In March 1799, the Prince of Vaudémont served in the army of Archduke Charles, Duke of Teschen in Swabia. He commanded a brigade that consisted of the Kaiser Cuirassier Regiment Nr. 1 and the Duke Albert Cuirassier Regiment Nr. 3. He was successful leading his cavalry at the Battle of Stockach on 25 March 1799. He commanded an infantry division at the First Battle of Zurich on 4–7 June 1799. For his good leadership at Zurich, Archduke Charles wrote a letter of commendation to Emperor Francis. At Zurich, Vaudémont's division included two battalions each of the Kaiser Infantry Regiment Nr. 1 and Gemmingen Infantry Regiment Nr. 21, two squadrons of the Waldeck Dragoon Regiment Nr. 7, and one squadron of the Motschlitz Uhlan Regiment Nr. 1.

In the 1800 campaign, Paul Kray commanded the army in Swabia.
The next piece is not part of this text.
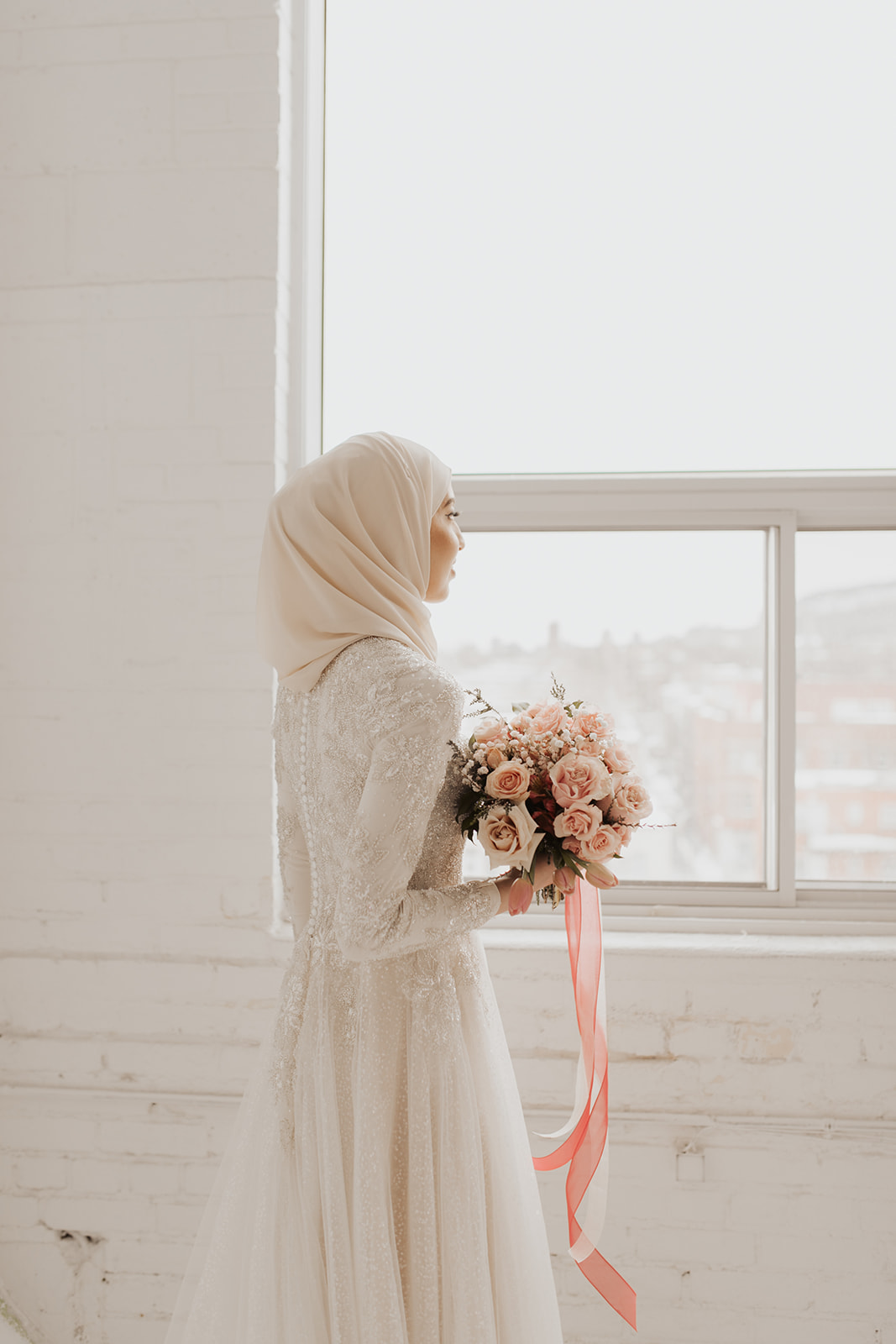 The makeup artist and hijab styling counselor Blushed by Nour wanted to bring back the simplicity and the delicacy of a soft hijab wrap to complement the romantic and extravagant wedding dresses. This choice of chiffon hijab is soft and lightweight fabric that can adapt to any wrapping and definitely a favorite staple for a romantic bridal look… Hijab is a symbol of modesty. Modesty can be shy and delicate, but it also can be bold and unapologetic.

In the Battles of Stockach and Engen on 3 May 1800, Jean Victor Marie Moreau managed to concentrate 84,000 French troops against 72,000 Austrians. At Engen the main armies fought to a draw, but at Stockach the French massed 20,000 men under Claude Lecourbe against the Prince of Vaudémont's 12,000 Austrians. Lecourbe defeated him and drove the Austrians out of Stockach, capturing its supply base. This event convinced Kray to retreat. Two days later at the Battle of Messkirch the two armies clashed again. Kray posted Vaudémont on his left flank to hold the town of Messkirch supported by strong artillery batteries. A French division led by Joseph Montrichard made a frontal assault but was repulsed. Later, Montrichard's division returned to the attack from the south, together with a second division under Dominique Vandamme that struck from the southeast. Finally, Vaudémont abandoned Messkirch when he was outflanked. Kray withdrew his army to Sigmaringen that night.

==Later career==
On 7 October 1803, Emperor Francis appointed the Prince of Vaudémont the second inhaber of Kaiser Cuirassier Regiment Nr. 1. In 1805, he commanded a cavalry division in the Army of Italy under Archduke Charles. He fought at the Battle of Caldiero on 29–31 October 1805. His division was made up of the Levenehr Dragoon Regiment Nr. 4 and the Savoy Dragoon Regiment Nr. 5. Each regiment had eight squadrons. He was promoted General der Kavallerie on 22 January 1808. Vaudémont died at Szeged in the Kingdom of Hungary on 29 March 1812.